(4 of 7)
By the time he was 25, Olmos had two sons: Mico, from the Spanish mi hijo (my son), and Bodie, named after a ghost town in eastern California. To support his growing brood, he took a job delivering antique furniture between acting and music gigs. By the early '70s, Olmos was landing small parts on shows like Kojak and Hawaii Five-O, often as bartenders and two-bit hooligans. "I was the only person Jack Lord shot in the back, ever," he notes dryly. "That's how bad I was." Then in 1978, during an audition for a play at Los Angeles' Mark Taper theater, he was asked if he would like to try out for Zoot Suit, Luis Valdez's musical drama about the famous "Sleepy Lagoon" case of 1942, in which a group of Hispanic youths were wrongly convicted of a murder.

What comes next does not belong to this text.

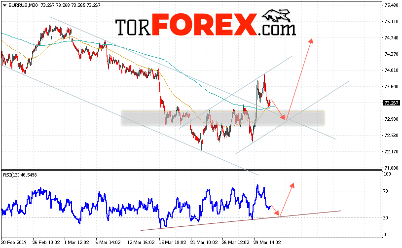Таким образом, EUR/RUB прогноз курса Евро Рубль на 3 апреля 2019 предполагает попытку теста уровня поддержки вблизи области 72.95. Откуда стоит ожидать отскок и продолжения роста курса Евро против Рубля с целью выше уровня 74.75. Дополнительным сигналом в пользу подъёма пары выступит тест линии тренда на индикаторе относительной силы. Отменой варианта роста станет пробой области поддержки и закрытие котировок ниже уровня 72.45.

Olmos was right on the wavelength of "El Pachuco," the strutting, posing, super-macho narrator and mordant conscience of the story. "I spoke in calo, street jive from the streets of East L.A. -- a mix of Spanish, English and Gypsy," he says. "They asked me if I could dance, and I hit a perfect set of splits, turning the brim of my hat as I came up." He got the part.
Zoot Suit, which opened in February 1978, was scheduled to run at the Mark Taper for ten days. It ended up playing for a year before moving to Broadway, where it closed after seven weeks. Olmos' disappointment was soothed by a Tony nomination (he had already won a Los Angeles Drama Critics Circle award and a Theater World award) and the chance to star in the film version of the play, which Valdez also directed. Acting roles came in faster after that. Wolfen (1981) was followed by Blade Runner (1982), in which Olmos played a multiethnic in the year 2019, who he explains, "had German blue eyes, Japanese-slanted eyes, Chinese yellow skin and spoke ten languages fluently."
Olmos' next role was as star of a PBS special, The Ballad of Gregorio Cortez, a true story about a Mexican cowhand who became the object of one of the biggest manhunts in Texas history, all because of an incorrectly translated word. He threw himself into the part with characteristic fervor, studying old newspaper clippings and photographs for clues to Cortez's inner state. The most audacious touch, perhaps, was the decision to have Cortez speak Spanish throughout the movie -- no subtitles. "I wanted to put non- Spanish speaking viewers in the same predicament as the law-abiding citizens of that community," says Olmos. "I wanted the audience to be in the shoes of Gregorio Cortez."
And he wanted that audience to be enormous. "After the movie aired on American Playhouse, everybody was ready to put it to bed," recalls Tom Bower, a friend of Olmos' who plays the interpreter in Cortez. "For Eddie, it was just the beginning." Olmos devoted an extraordinary five years to making and promoting Cortez, and the effort took a heavy emotional and financial toll. At one point, friends held a fund raiser to help with his travel expenses. Passing up potentially lucrative parts in such films as Scarface, Firestarter, Band of the Hand, Streets of Fire and Red Dawn put a severe strain on the family budget as well.